L’EPA renouvelle l’autorisation du Dicamba pour 5 ans malgré son interdiction par la Cour d’Appel en juin dernier

L’herbicide sélectif développé par Monsanto utilisé depuis plus d’un demi-siècle s’était vu retirer son autorisation de mise sur le marché américain en juin dernier. Son efficacité en fait un herbicide redoutable notamment dans le désherbage de cultures OGM. Si son efficacité est incontestable, il possède néanmoins un inconvénient majeur : une forte volatilité qui lui confère un risque non négligeable de dérive et par conséquent de dégâts sur les cultures et la flore voisines.

Les problématiques liées à l’utilisation du Dicamba sont connues depuis des décennies. Historiquement, le Dicamba était utilisé dans la lutte contre les adventices en l’absence de culture de la fin de l’automne au début du printemps lorsque les risques de dérive sont faibles. Cela a changé en 2016.

(Effet du Dicamba sur du soja non tolérant. Crédits photo : Amit JHALA)

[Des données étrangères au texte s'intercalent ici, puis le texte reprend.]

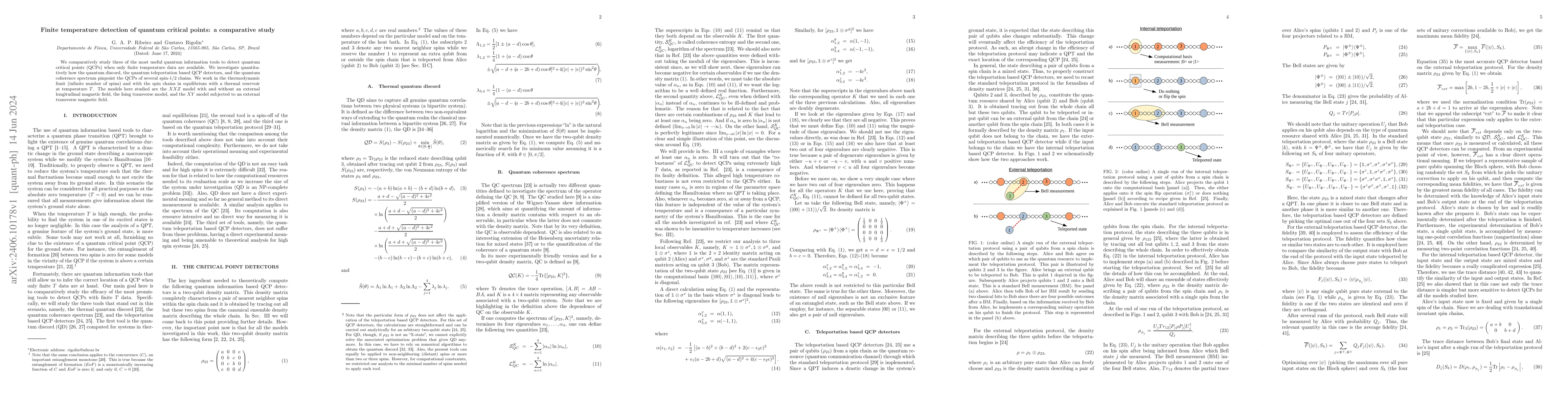 We comparatively study three of the most useful quantum information tools to detect quantum critical points (QCPs) when only finite temperature data are available. We investigate quantitatively how the quantum discord, the quantum teleportation based QCP detectors, and the quantum coherence spectrum pinpoint the QCPs of several spin-$1/2$ chains. We work in the thermodynamic limit (infinite number of spins) and with the spin chains in equilibrium with a thermal reservoir at temperature $T$. The models here studied are the $XXZ$ model with and without an external longitudinal magnetic field, the Ising transverse model, and the $XY$ model subjected to an external transverse magnetic field.

Retour sur l’origine de la controverse 

Afin de lutter contre les multiples résistances des adventices face au Glyphosate et proposer une solution aussi commode que les variétés Roundup Ready, Monsanto et BASF ont mis sur le marché une variété de coton (2015) et de soja (2016) tolérantes au Dicamba et au Glyphosate. Conjointement, les deux agrochimistes ont développé de nouvelles formulations de l’herbicide censées réduire drastiquement les impacts sur les cultures et la flore alentours non tolérantes. En revanche, l’EPA n’homologua les nouvelles formulations de Dicamba allant de pair avec ces semences qu’après la saison de culture 2016 pour une période de 2 ans.
Monsanto avait parié sur une homologation rapide coïncidant avec la mise sur le marché des semences, ce qui ne fut pas le cas.
Ce délai a laissé les agriculteurs ayant acheté et semé ces variétés DT (tolérantes au Dicamba) dans un dilemme : désherber sans recourir au Dicamba et ne pas profiter de la tolérance ou utiliser d’anciennes formulations non autorisées sur cette culture à cause du risque élevé de dérive et des impacts sur les cultures et la flore voisines.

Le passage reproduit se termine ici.